* **What you are asked to do**: The lines to print run from the top of the material below to the line with "6/11 今日知っておきたいNFTニュース 🌟今日は5PJ🌟", inclusive; please copy them exactly, without pictures.

*-*-*

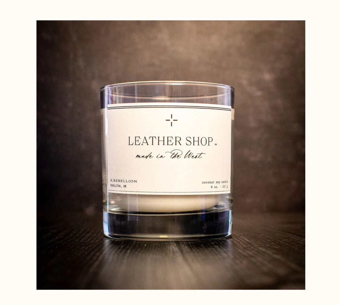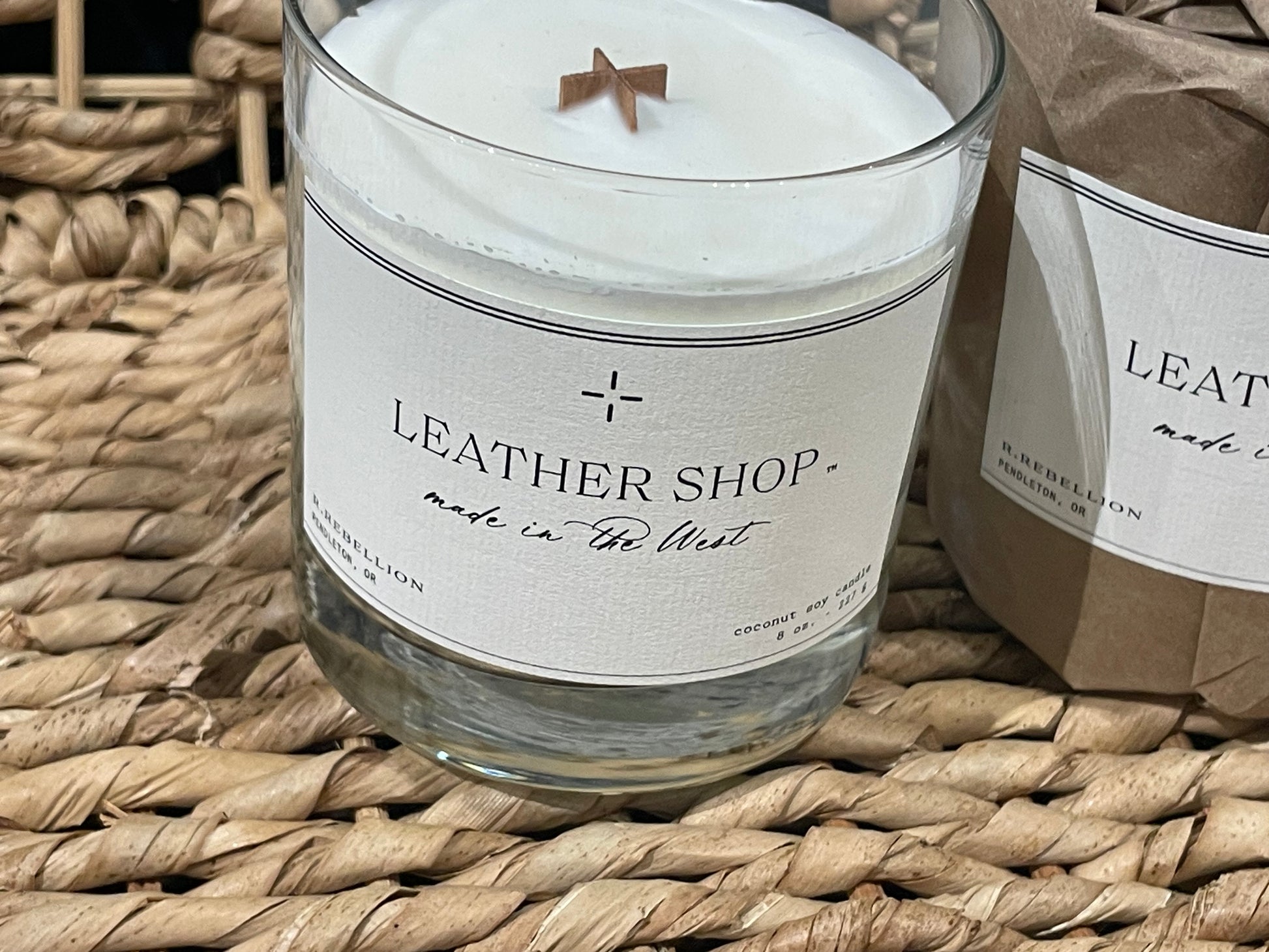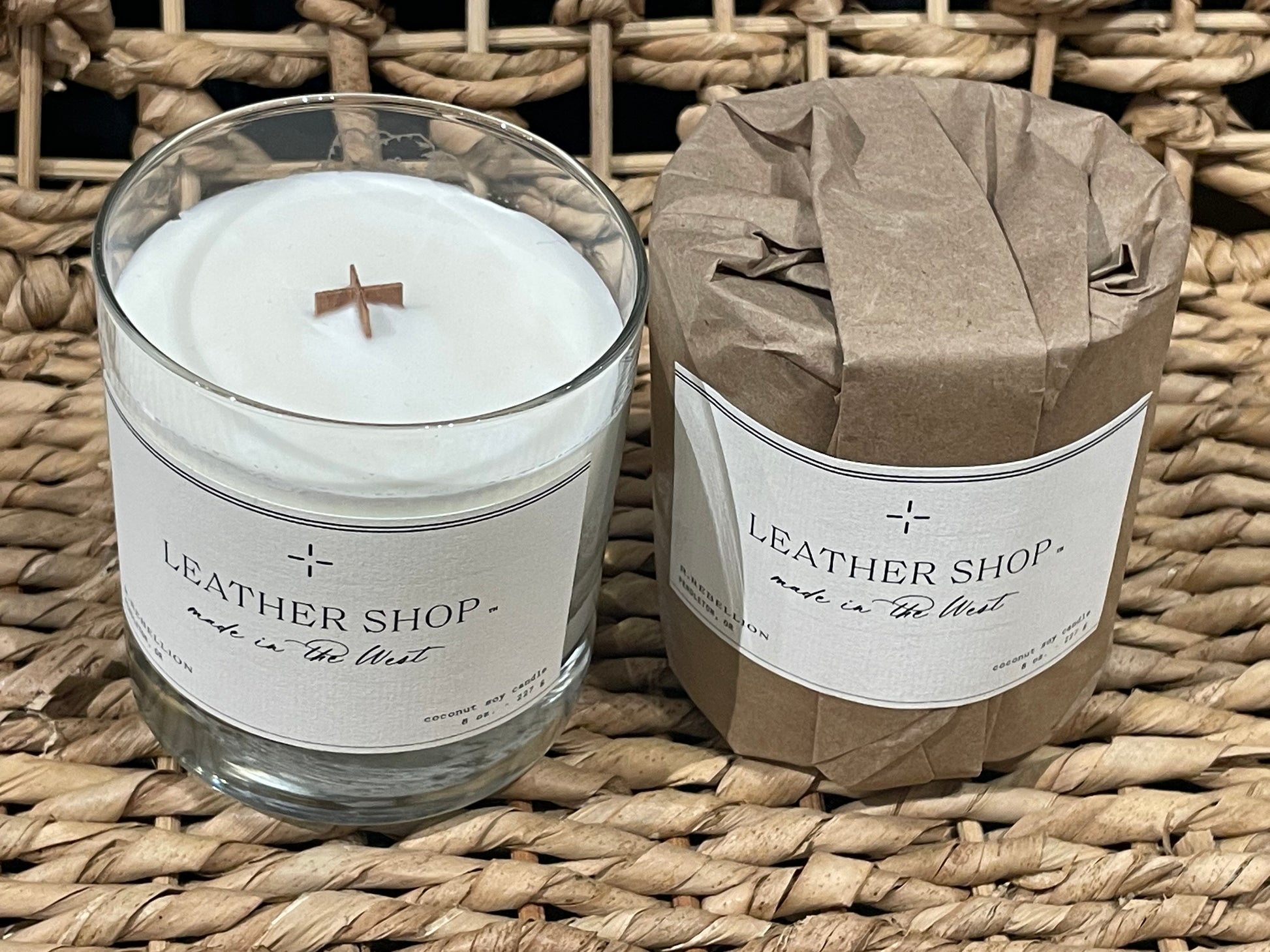 Coconut soy candle, 8oz, wood wick- leather, lemon, mandarin, patchouli, frankincense. Burns up to 60 hours. Vessel: Reusable whiskey glass
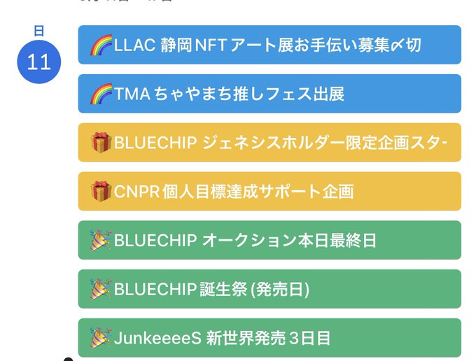 6/11 今日知っておきたいNFTニュース 🌟今日は5PJ🌟 ・LLAC ・TMA ・BLUECHIP ・CNPR ・JUNKeeeeS 詳細はカレンダーに記載しています! (プロフのリンクから飛べるよ😉) 土日はリリースプロジェクトも多く ミント祭り😆✨ ミント報告ツイートをみているだけでも楽しい🥰…
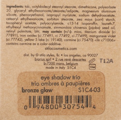 -. Binding : Health and Beauty -. Brand : stila -. Department : womens -. Feature : Designed to provide a cohesive look / Widens and illuminates with pearl powder / Sheer color never appears thick or chalky / Baked on terra cotta disks for a super velvety texture / Gold Glow features shades of bronze, mocha and creamy pink -. IsAdultProduct : 0 -. Label : stila -. Manufacturer : stila -. Model : S1C4-03 -. MPN : S1C4-03 -. NumberOfItems : 1 -. PartNumber : S1C4-03 -. ProductGroup : Prestige Beauty -. ProductTypeName : LUXURY_BEAUTY -. Publisher : stila -. ReleaseDate : 2015-02-01 -. Studio : stila -. Title : stila Baked Eye Shadow Trio
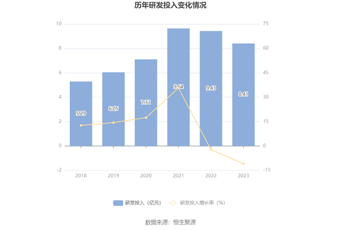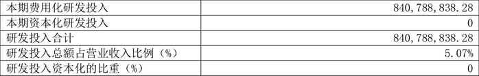 2023年全年,公司研发投入金额为8.41亿元,同比下降10.86%;研发投入占营业收入比例为5.07%,相比上年同期下降0.13个百分点。此外,公司全年研发投入资本化率为0。
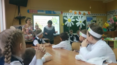 А группа учёных сложила и склеила из слов ромашку пожеланий, которую прикрепили на доску.
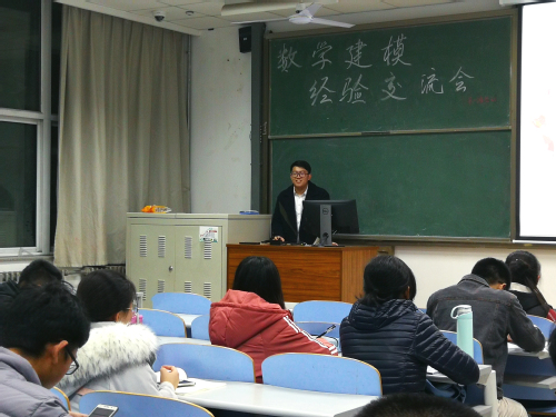 活动伊始,姚利伟分享了他的数模经历:初识数模、学习数模和思考数模,从加入数学建模协会到数学建模的入门,再到参加比赛获奖。随后,姚利伟为大家介绍了一些常用软件的选取策略,一是根据队友设定选取,二是根据赛题要求选取。接着,姚利伟就选题与分工进行阐释,其大致分为三部分,组队策略、选题与预分析及统筹分工。组队时可根据自己的优势和劣势进行队友的选取;选题与预分析时需考虑队伍的配置特征、可能遇到的问题及队员的分工预案;统筹分工则需就队伍的配置特征来进行考虑,主要包括三个方面:建模、编程及写作。交流会最后,姚利伟对近年的比赛试题进行了实例分析,表示应该多举办一些类似的活动。
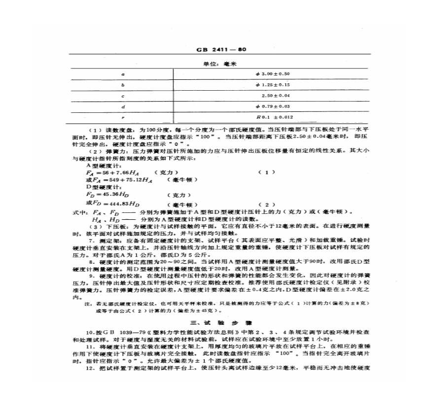 > GB2411-80塑料邵氏硬度试验方法
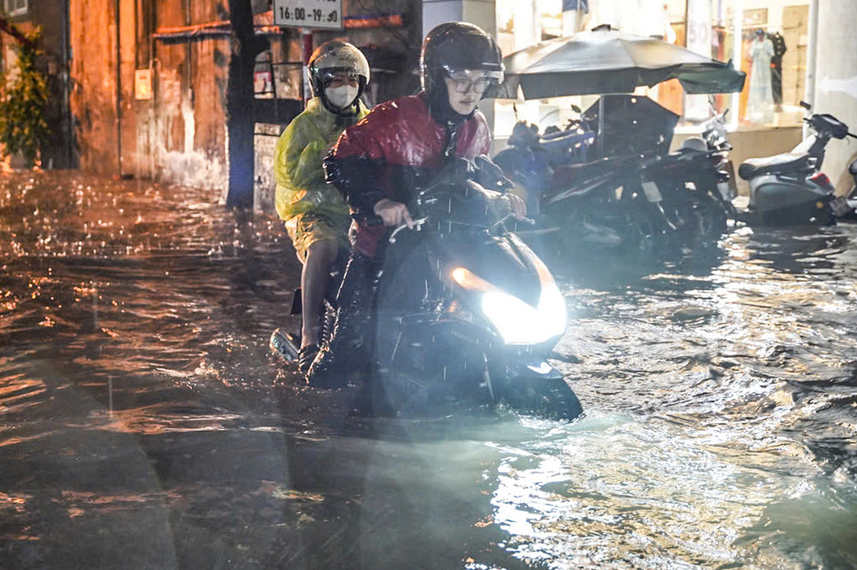 Người tham gia giao thông vật vã di chuyển giữa biển nước.
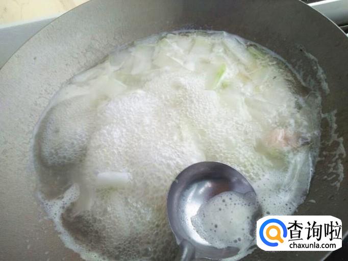 这一步骤大家一定别忘记哈,冬瓜放进去之后,汤里会出现一些沫子,用一把勺子把沫子全部撇出来。
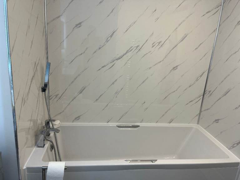 Luxurious white Carrara marble effect with detailed grey veining - Suitable for interior walls, specifically shower areas - Rigid, waterproof PVC construction - Shining gloss surface finish - Versatile 2400x1000mm format with 10mm thickness - Easy to install tongue and groove design - Mould-resistant and easy to clean - Honeycomb structure for improved moisture resistance
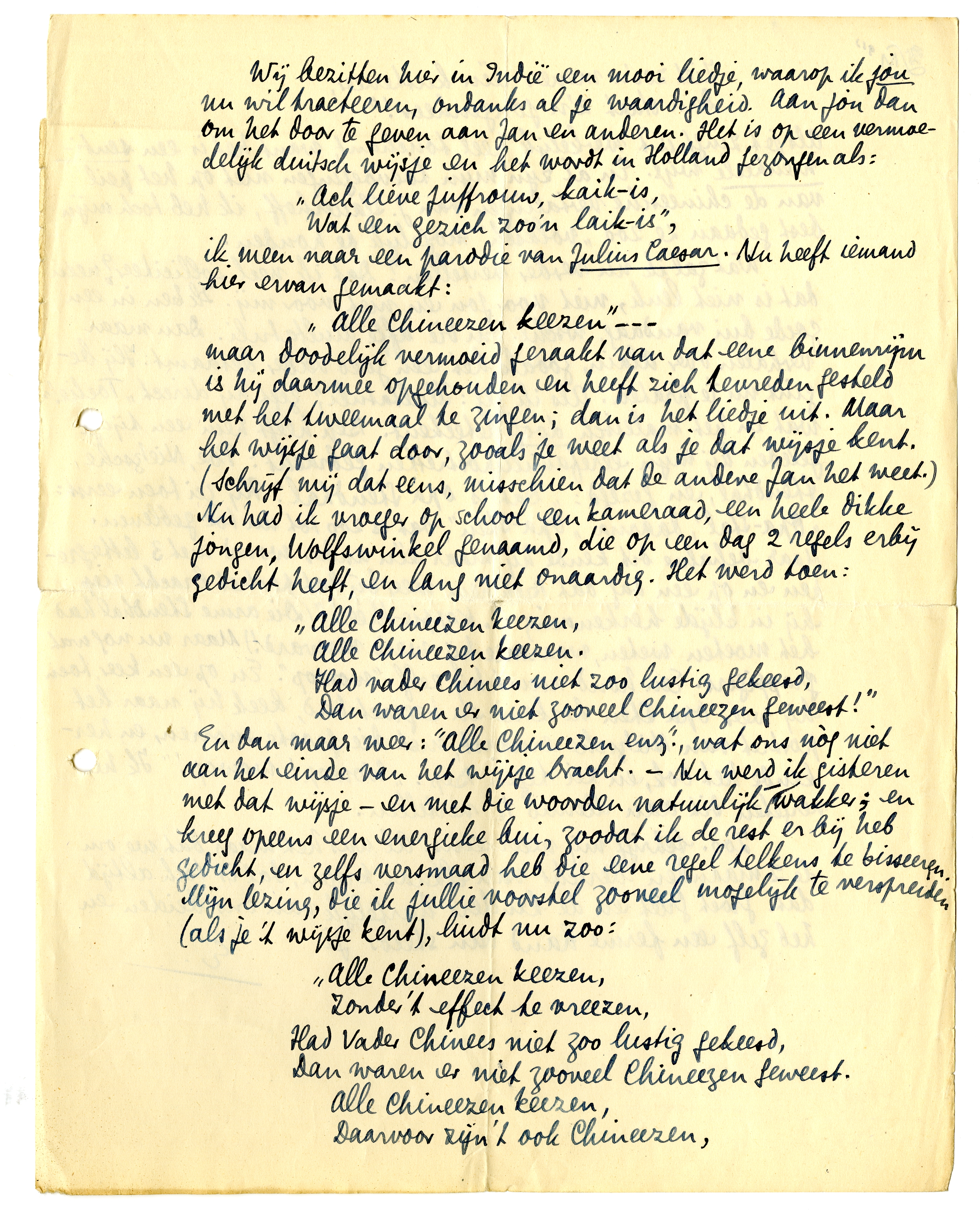 Wij bezitten hier in Indië een mooi liedje, waarop ik jou nu wil tracteeren, ondanks al je waardigheid. Aan jou dan om het door te geven aan Jan en anderen. Het is op een vermoedelijk duitsch wijsje en het wordt in Holland gezongen als:

*-*-*

* **Response to this task**:
 Coconut soy candle, 8oz, wood wick- leather, lemon, mandarin, patchouli, frankincense. Burns up to 60 hours. Vessel: Reusable whiskey glass
 6/11 今日知っておきたいNFTニュース 🌟今日は5PJ🌟 ・LLAC ・TMA ・BLUECHIP ・CNPR ・JUNKeeeeS 詳細はカレンダーに記載しています! (プロフのリンクから飛べるよ😉) 土日はリリースプロジェクトも多く ミント祭り😆✨ ミント報告ツイートをみているだけでも楽しい🥰…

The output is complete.